I came into this discussion from the technical perspective (of which I’ve done plenty of research, both in university and in my job) that commercial VPNs don’t do what most ads want you to think they do. Your ISP sees a lot less than they want you to think, VPNs use just the same encryption algorithms as everyone else and while public WiFi isn’t great security-wise it’s not as if anyone will read your bank password the second you connect. I still stand by those claims.

Then, the discussion drifted towards who you’d rather trust with the things that aren’t encrypted (mostly DNS and connection metadata. Someone has claimed that many messengers are unencrypted but I think they have confused a lack of user-to-user encryption with user-to-server encryption), your ISP or some VPN provider. That’s the point where we diverged: as I had no need for a VPN myself (because of the reasons mentioned above), I had not researched individual VPN providers and was not aware that Mullvad apparently has a strong track record. For that I apologize.
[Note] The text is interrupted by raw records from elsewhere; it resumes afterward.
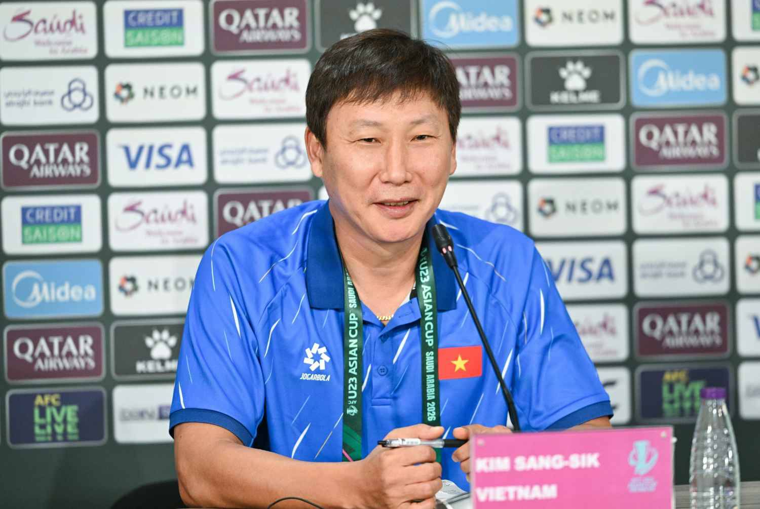 Phát biểu tại buổi họp báo trước trận bán kết, HLV Kim Sang Sik bày tỏ sự hài lòng với hành trình của U23 Việt Nam tại giải đấu năm nay. Nhà cầm quân người Hàn Quốc cho biết, việc vượt qua hàng loạt đối thủ mạnh từ vòng bảng đến tứ kết là minh chứng rõ ràng cho tinh thần thi đấu quả cảm và sự trưởng thành của toàn đội.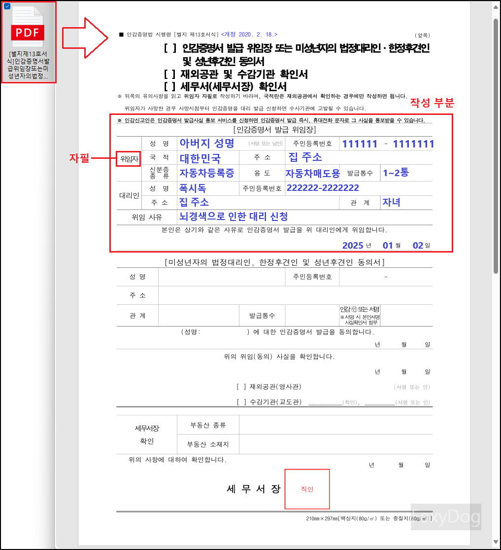 필자의 경우는 양도인(아버지)께서 전혀 움직이지 못하는 상황이라 인감증명서도 대리로 발급을 해야 하는 상황이었습니다. 먼저 정부 24 공식 홈페이지에 「인감증명서 발급 위임장(링크)」 방문하여 서식을 다운로드합니다. 아래는 대략 예시로 작성하였습니다.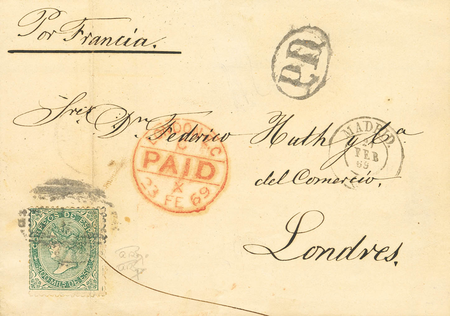 100. 1868. 200 mils verde (doblez de archivo). MADRID a LONDRES (GRAN BRETAÑA). BONITA.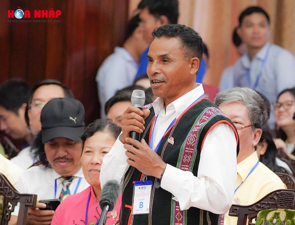 Ông Điểu Đá, đại diện gia đình nuôi chiến sĩ tình nguyện tại tỉnh Đắk Nông chia sẻ về những kỷ niệm gắn bó cùng tuổi trẻ TP Hồ Chí Minh trong việc hỗ trợ địa phương xây dựng các công công cộng.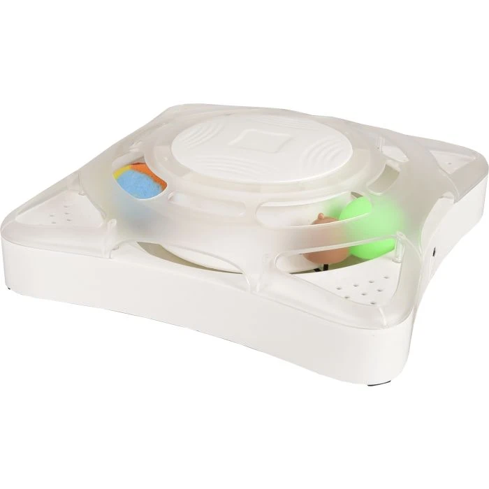 Vous recherchez un jouet pour chat stimulant, alors le Roller Orbit est fait pour vous ! Le Roller Orbit est une souris tournante qui stimule l’instinct de chasse de votre chat. Lorsque le Roller Orbit effectue un mouvement de rotation, la balle émet un son. Heureusement, le jouet peut aussi ne pas faire de bruit. Si vous arrêtez de jouer pendant plus de 2 minutes, le Roller Orbit s’arrête automatiquement.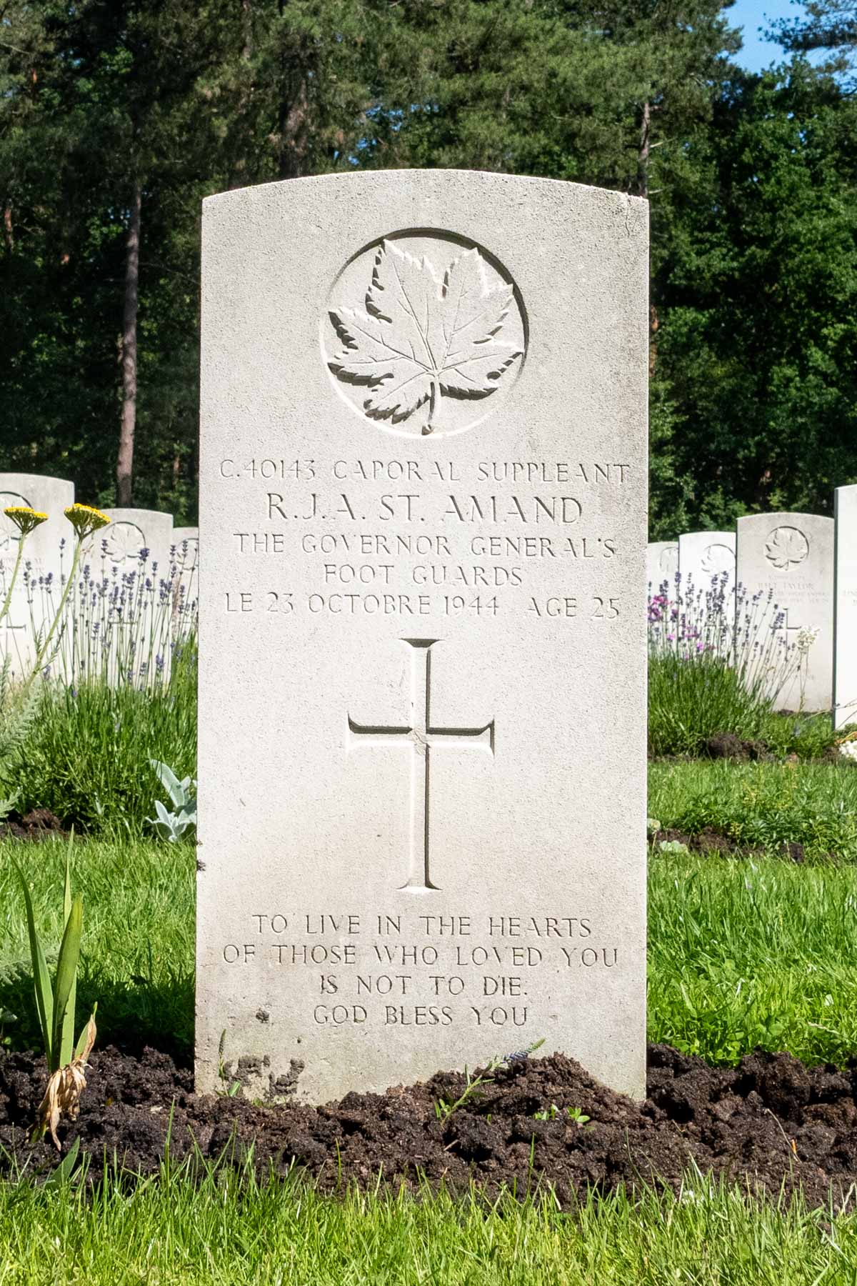 Date de décès (jj-mm-aaaa): 23-10-1944Âge au décès: 25 ansDernier cimetière: Canadian War CemeteryNuméro de tombe (plot, file, tombe): 01 C 10Rang: Lance CorporalNuméro de service: C/40143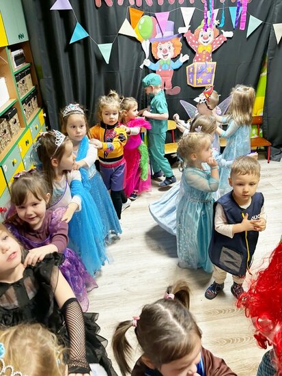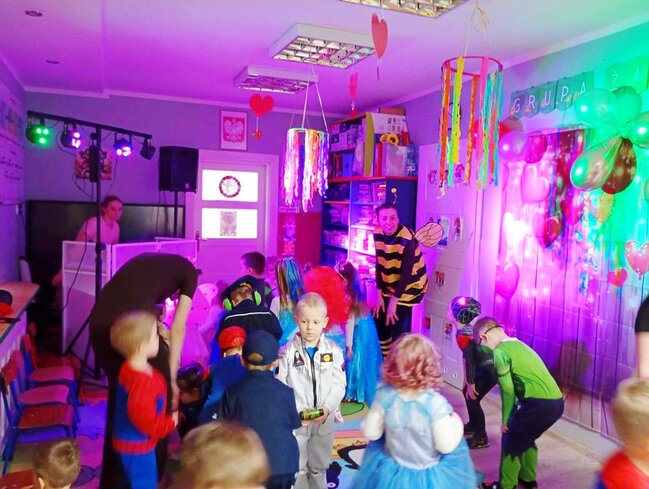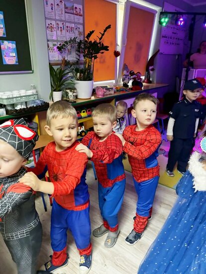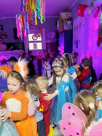 Na parkiecie królowały cztery wyjątkowe grupy – wesołe Misie, skoczne Żabki , radosne Biedronki oraz roztańczone Motylki. Każde dziecko wyglądało bajecznie! Były księżniczki, superbohaterowie, strażacy, wróżki, zwierzątka i wiele innych niezwykłych postaci. Trudno było rozpoznać, kto kryje się pod kolorową maską!
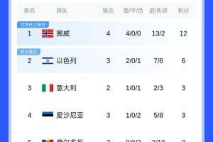 挪威豪取四连胜继续领跑I组,意大利取首胜暂排第三。

Still, in a thread that started out with someone not knowing if they need a VPN at all and most discussion has been very general, I would not assume that anyone who comments is familiar with a specific provider without them being named explicitly. Also, I’ve stated in at least three places that I was explicitly talking about VPN providers like NordVPN and Surfshark that are prominently (mis-)advertised. Those I still would not trust further than I can throw them.

But I guess that’s online discussions. We’ve talked about two different things and took a while to notice. I’m thankful for the correction and I hope you can understand where I came from.